▸ **Exercise**
All of the listing is to be written out word for word, with the pictures left out.

▸ **Dataset section**
---+---

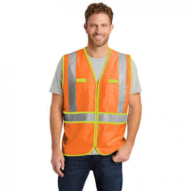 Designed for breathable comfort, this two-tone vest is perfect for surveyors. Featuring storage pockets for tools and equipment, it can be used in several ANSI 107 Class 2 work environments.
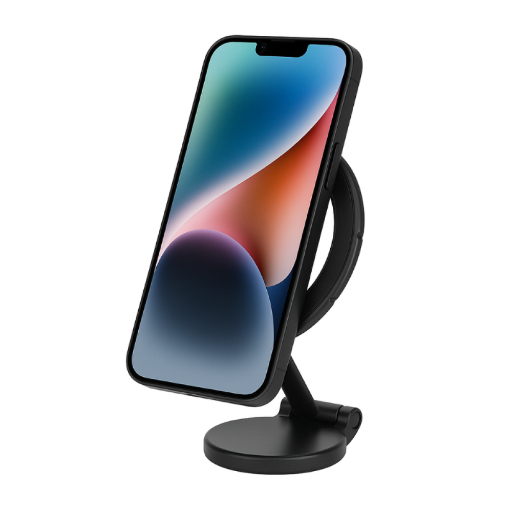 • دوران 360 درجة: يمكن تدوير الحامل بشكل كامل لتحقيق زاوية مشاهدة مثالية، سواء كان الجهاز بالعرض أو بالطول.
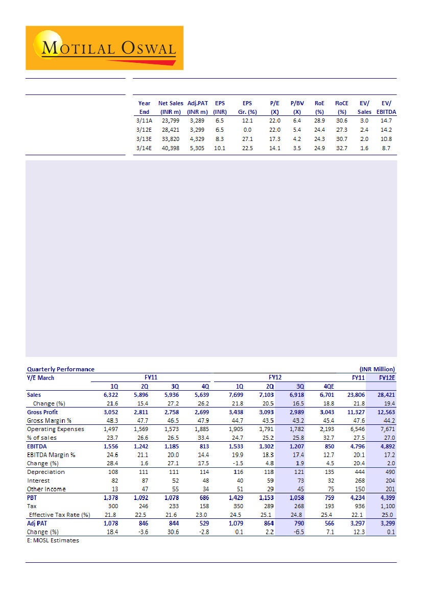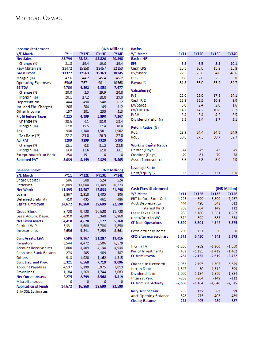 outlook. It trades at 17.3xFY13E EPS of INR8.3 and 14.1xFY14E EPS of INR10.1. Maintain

---+---

▸ **Solution**
 Designed for breathable comfort, this two-tone vest is perfect for surveyors. Featuring storage pockets for tools and equipment, it can be used in several ANSI 107 Class 2 work environments.
 • دوران 360 درجة: يمكن تدوير الحامل بشكل كامل لتحقيق زاوية مشاهدة مثالية، سواء كان الجهاز بالعرض أو بالطول.
 outlook. It trades at 17.3xFY13E EPS of INR8.3 and 14.1xFY14E EPS of INR10.1. Maintain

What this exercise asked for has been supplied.